__WORK ORDER__
Exercise in exact copying: restate word for word only the lines below from the one containing "Хотите воплотить в" through the one containing "Katerstraat 15 is", omitting any pictures.

__RECORDS FOR PROCESSING__
^^^^

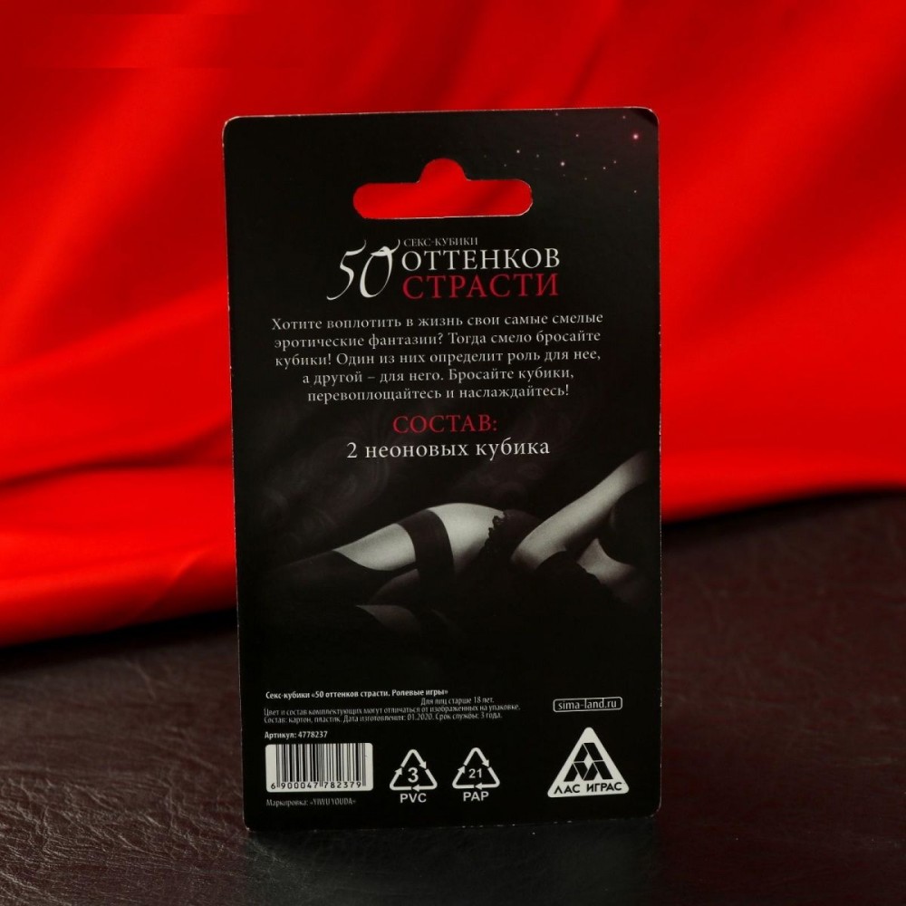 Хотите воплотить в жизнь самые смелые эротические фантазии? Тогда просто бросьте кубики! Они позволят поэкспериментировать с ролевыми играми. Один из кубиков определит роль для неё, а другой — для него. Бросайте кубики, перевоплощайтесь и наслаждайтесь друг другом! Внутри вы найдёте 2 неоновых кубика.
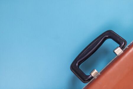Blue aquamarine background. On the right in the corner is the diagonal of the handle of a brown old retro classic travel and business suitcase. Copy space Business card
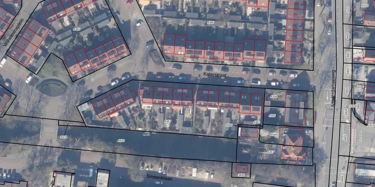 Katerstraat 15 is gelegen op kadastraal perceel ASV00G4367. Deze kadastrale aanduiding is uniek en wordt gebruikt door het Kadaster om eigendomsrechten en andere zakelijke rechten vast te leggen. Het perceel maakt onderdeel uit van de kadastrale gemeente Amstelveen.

^^^^

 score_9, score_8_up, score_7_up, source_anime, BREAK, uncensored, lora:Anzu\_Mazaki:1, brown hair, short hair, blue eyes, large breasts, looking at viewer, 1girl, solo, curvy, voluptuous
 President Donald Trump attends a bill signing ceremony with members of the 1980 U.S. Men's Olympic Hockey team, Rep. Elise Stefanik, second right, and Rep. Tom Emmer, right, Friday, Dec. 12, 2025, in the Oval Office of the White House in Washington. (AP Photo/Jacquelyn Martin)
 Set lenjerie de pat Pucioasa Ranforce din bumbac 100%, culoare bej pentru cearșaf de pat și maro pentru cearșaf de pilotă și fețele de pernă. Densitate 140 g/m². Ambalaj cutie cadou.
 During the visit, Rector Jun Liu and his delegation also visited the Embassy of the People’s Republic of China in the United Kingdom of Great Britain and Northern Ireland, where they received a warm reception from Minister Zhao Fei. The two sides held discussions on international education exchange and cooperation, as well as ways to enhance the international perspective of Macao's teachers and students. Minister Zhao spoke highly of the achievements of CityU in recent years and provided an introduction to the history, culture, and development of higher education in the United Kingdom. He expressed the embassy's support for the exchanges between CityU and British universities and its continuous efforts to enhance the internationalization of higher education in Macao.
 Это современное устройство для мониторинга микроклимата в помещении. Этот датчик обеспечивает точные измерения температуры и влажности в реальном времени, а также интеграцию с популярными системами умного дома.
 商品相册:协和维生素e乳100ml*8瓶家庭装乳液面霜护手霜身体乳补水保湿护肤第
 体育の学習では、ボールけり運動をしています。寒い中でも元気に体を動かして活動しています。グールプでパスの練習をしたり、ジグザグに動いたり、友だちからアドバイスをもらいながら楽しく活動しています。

^^^^

__FINISHED TASK__
 Хотите воплотить в жизнь самые смелые эротические фантазии? Тогда просто бросьте кубики! Они позволят поэкспериментировать с ролевыми играми. Один из кубиков определит роль для неё, а другой — для него. Бросайте кубики, перевоплощайтесь и наслаждайтесь друг другом! Внутри вы найдёте 2 неоновых кубика.
Blue aquamarine background. On the right in the corner is the diagonal of the handle of a brown old retro classic travel and business suitcase. Copy space Business card
 Katerstraat 15 is gelegen op kadastraal perceel ASV00G4367. Deze kadastrale aanduiding is uniek en wordt gebruikt door het Kadaster om eigendomsrechten en andere zakelijke rechten vast te leggen. Het perceel maakt onderdeel uit van de kadastrale gemeente Amstelveen.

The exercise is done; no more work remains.